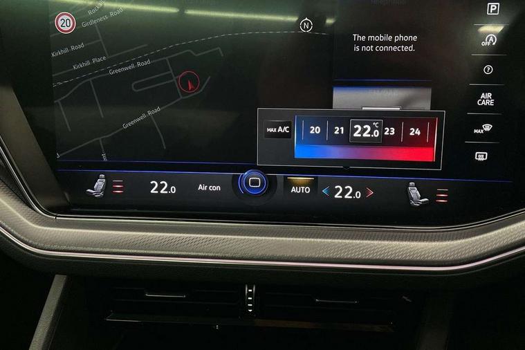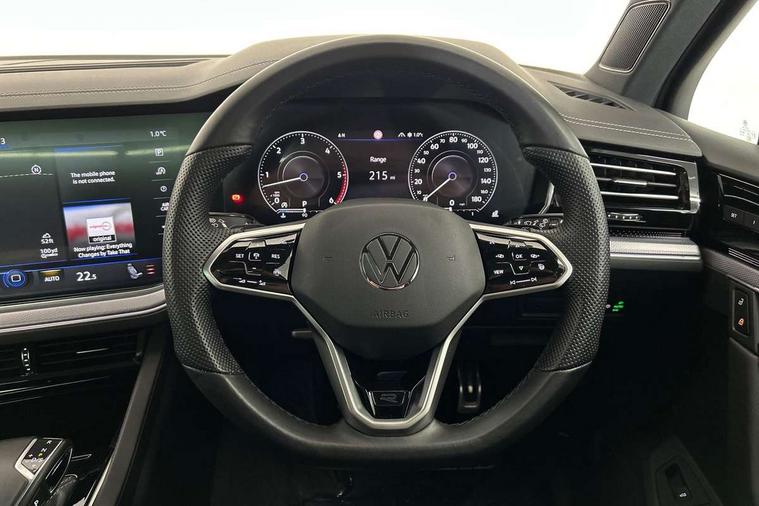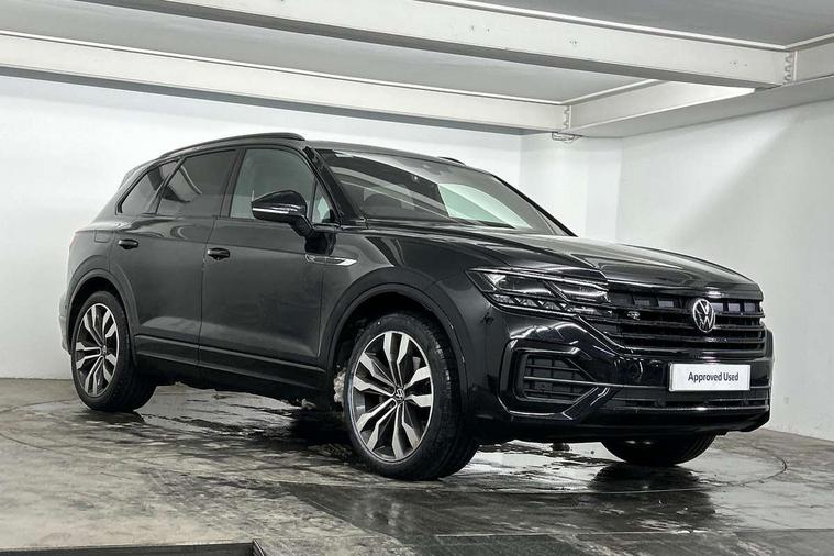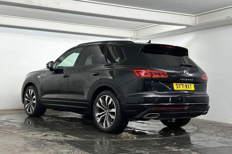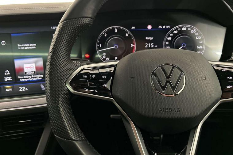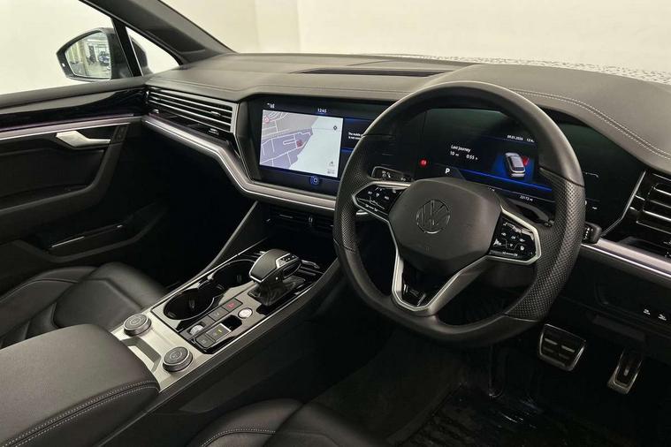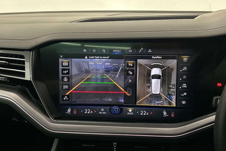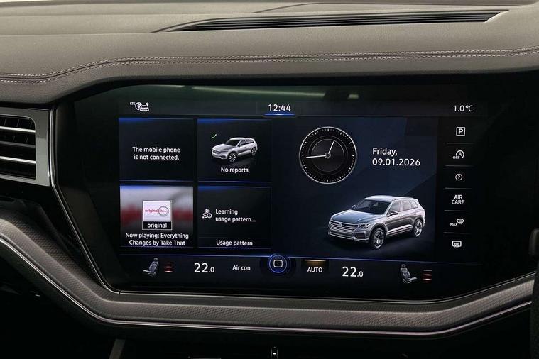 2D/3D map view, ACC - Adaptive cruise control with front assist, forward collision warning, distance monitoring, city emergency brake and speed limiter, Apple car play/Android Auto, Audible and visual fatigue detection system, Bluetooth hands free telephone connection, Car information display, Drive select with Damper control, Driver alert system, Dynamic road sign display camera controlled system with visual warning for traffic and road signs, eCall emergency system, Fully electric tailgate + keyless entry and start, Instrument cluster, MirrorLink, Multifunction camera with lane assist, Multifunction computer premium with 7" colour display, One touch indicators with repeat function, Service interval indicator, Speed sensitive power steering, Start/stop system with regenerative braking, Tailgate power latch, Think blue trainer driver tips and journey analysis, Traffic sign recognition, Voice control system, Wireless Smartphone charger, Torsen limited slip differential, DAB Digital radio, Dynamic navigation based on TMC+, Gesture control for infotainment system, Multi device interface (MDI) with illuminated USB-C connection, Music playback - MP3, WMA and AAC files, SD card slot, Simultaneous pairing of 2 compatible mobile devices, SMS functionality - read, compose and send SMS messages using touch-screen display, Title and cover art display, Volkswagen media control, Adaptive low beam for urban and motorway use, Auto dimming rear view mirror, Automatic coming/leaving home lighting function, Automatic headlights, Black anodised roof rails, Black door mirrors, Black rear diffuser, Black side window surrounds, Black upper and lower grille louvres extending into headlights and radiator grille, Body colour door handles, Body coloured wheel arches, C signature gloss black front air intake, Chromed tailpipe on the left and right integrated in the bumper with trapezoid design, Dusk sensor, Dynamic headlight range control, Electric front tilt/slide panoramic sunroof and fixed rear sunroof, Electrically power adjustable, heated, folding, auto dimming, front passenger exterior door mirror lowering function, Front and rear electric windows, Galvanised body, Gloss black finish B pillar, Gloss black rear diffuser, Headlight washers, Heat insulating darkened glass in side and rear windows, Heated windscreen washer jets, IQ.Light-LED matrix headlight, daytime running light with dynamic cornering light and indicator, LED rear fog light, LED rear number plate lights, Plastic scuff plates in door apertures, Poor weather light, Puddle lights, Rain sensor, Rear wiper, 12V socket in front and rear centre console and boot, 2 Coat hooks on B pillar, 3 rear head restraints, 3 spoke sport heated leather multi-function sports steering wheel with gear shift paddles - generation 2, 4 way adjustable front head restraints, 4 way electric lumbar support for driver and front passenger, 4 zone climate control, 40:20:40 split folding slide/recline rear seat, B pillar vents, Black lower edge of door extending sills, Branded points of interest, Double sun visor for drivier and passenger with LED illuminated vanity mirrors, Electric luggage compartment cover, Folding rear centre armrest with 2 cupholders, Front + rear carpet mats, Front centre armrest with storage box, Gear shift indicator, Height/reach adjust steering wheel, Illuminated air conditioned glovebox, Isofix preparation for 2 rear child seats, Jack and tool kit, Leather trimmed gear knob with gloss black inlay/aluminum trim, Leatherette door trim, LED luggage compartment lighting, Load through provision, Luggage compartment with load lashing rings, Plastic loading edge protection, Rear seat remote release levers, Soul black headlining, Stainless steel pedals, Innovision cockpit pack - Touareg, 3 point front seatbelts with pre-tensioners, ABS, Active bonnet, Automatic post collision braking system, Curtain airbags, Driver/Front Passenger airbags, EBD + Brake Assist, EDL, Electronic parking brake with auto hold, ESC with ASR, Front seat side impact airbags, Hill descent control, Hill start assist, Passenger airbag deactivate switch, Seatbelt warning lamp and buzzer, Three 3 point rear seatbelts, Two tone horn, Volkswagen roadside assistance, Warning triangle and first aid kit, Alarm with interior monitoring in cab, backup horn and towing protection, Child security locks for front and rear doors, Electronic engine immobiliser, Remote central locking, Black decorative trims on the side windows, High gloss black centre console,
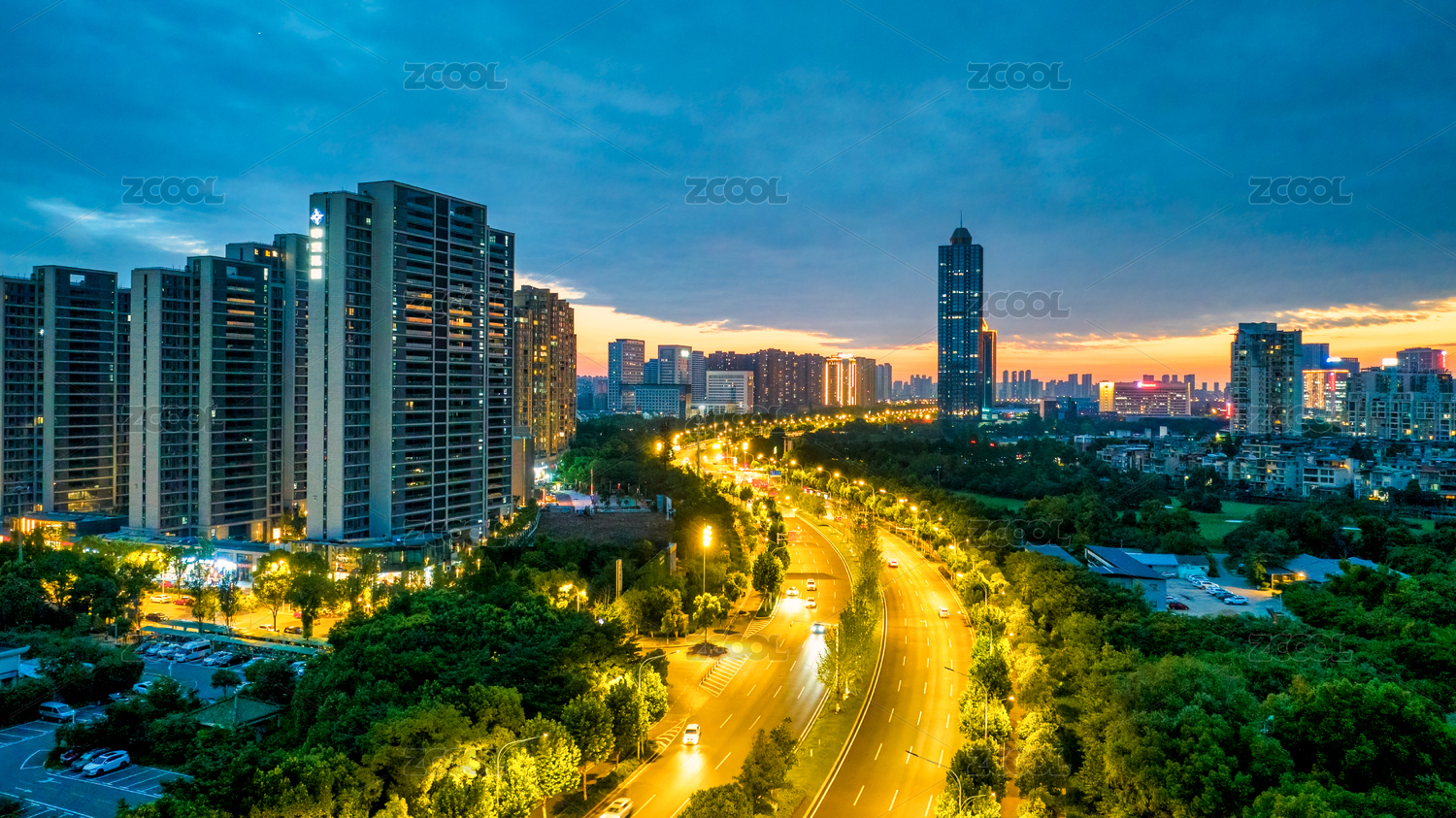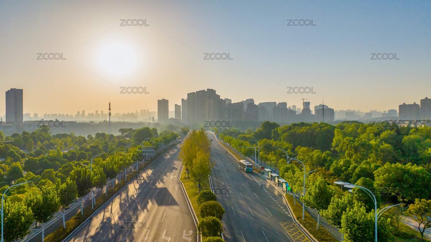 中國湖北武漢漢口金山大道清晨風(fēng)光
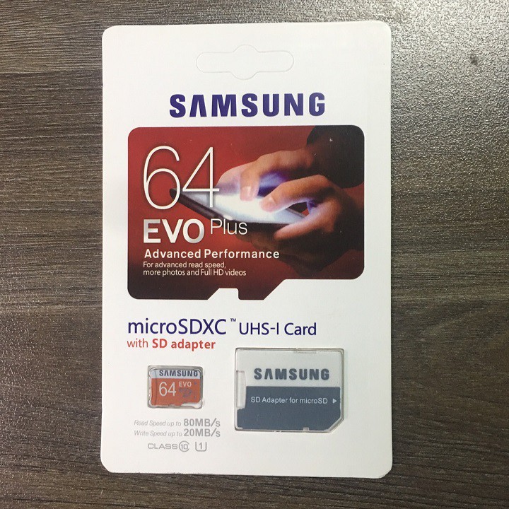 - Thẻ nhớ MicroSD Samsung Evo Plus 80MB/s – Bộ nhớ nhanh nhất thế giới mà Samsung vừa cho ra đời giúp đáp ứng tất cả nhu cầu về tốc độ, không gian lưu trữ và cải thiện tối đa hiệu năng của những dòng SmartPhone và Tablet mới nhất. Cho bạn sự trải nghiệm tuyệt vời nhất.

________________________________________

§ **WHAT THIS TASK INVOLVES**: Your response must consist of the material above, reproduced word for word, with the images omitted.

§ **COMPLETED TASK**:
 2D/3D map view, ACC - Adaptive cruise control with front assist, forward collision warning, distance monitoring, city emergency brake and speed limiter, Apple car play/Android Auto, Audible and visual fatigue detection system, Bluetooth hands free telephone connection, Car information display, Drive select with Damper control, Driver alert system, Dynamic road sign display camera controlled system with visual warning for traffic and road signs, eCall emergency system, Fully electric tailgate + keyless entry and start, Instrument cluster, MirrorLink, Multifunction camera with lane assist, Multifunction computer premium with 7" colour display, One touch indicators with repeat function, Service interval indicator, Speed sensitive power steering, Start/stop system with regenerative braking, Tailgate power latch, Think blue trainer driver tips and journey analysis, Traffic sign recognition, Voice control system, Wireless Smartphone charger, Torsen limited slip differential, DAB Digital radio, Dynamic navigation based on TMC+, Gesture control for infotainment system, Multi device interface (MDI) with illuminated USB-C connection, Music playback - MP3, WMA and AAC files, SD card slot, Simultaneous pairing of 2 compatible mobile devices, SMS functionality - read, compose and send SMS messages using touch-screen display, Title and cover art display, Volkswagen media control, Adaptive low beam for urban and motorway use, Auto dimming rear view mirror, Automatic coming/leaving home lighting function, Automatic headlights, Black anodised roof rails, Black door mirrors, Black rear diffuser, Black side window surrounds, Black upper and lower grille louvres extending into headlights and radiator grille, Body colour door handles, Body coloured wheel arches, C signature gloss black front air intake, Chromed tailpipe on the left and right integrated in the bumper with trapezoid design, Dusk sensor, Dynamic headlight range control, Electric front tilt/slide panoramic sunroof and fixed rear sunroof, Electrically power adjustable, heated, folding, auto dimming, front passenger exterior door mirror lowering function, Front and rear electric windows, Galvanised body, Gloss black finish B pillar, Gloss black rear diffuser, Headlight washers, Heat insulating darkened glass in side and rear windows, Heated windscreen washer jets, IQ.Light-LED matrix headlight, daytime running light with dynamic cornering light and indicator, LED rear fog light, LED rear number plate lights, Plastic scuff plates in door apertures, Poor weather light, Puddle lights, Rain sensor, Rear wiper, 12V socket in front and rear centre console and boot, 2 Coat hooks on B pillar, 3 rear head restraints, 3 spoke sport heated leather multi-function sports steering wheel with gear shift paddles - generation 2, 4 way adjustable front head restraints, 4 way electric lumbar support for driver and front passenger, 4 zone climate control, 40:20:40 split folding slide/recline rear seat, B pillar vents, Black lower edge of door extending sills, Branded points of interest, Double sun visor for drivier and passenger with LED illuminated vanity mirrors, Electric luggage compartment cover, Folding rear centre armrest with 2 cupholders, Front + rear carpet mats, Front centre armrest with storage box, Gear shift indicator, Height/reach adjust steering wheel, Illuminated air conditioned glovebox, Isofix preparation for 2 rear child seats, Jack and tool kit, Leather trimmed gear knob with gloss black inlay/aluminum trim, Leatherette door trim, LED luggage compartment lighting, Load through provision, Luggage compartment with load lashing rings, Plastic loading edge protection, Rear seat remote release levers, Soul black headlining, Stainless steel pedals, Innovision cockpit pack - Touareg, 3 point front seatbelts with pre-tensioners, ABS, Active bonnet, Automatic post collision braking system, Curtain airbags, Driver/Front Passenger airbags, EBD + Brake Assist, EDL, Electronic parking brake with auto hold, ESC with ASR, Front seat side impact airbags, Hill descent control, Hill start assist, Passenger airbag deactivate switch, Seatbelt warning lamp and buzzer, Three 3 point rear seatbelts, Two tone horn, Volkswagen roadside assistance, Warning triangle and first aid kit, Alarm with interior monitoring in cab, backup horn and towing protection, Child security locks for front and rear doors, Electronic engine immobiliser, Remote central locking, Black decorative trims on the side windows, High gloss black centre console,
 中國湖北武漢漢口金山大道清晨風(fēng)光
 - Thẻ nhớ MicroSD Samsung Evo Plus 80MB/s – Bộ nhớ nhanh nhất thế giới mà Samsung vừa cho ra đời giúp đáp ứng tất cả nhu cầu về tốc độ, không gian lưu trữ và cải thiện tối đa hiệu năng của những dòng SmartPhone và Tablet mới nhất. Cho bạn sự trải nghiệm tuyệt vời nhất.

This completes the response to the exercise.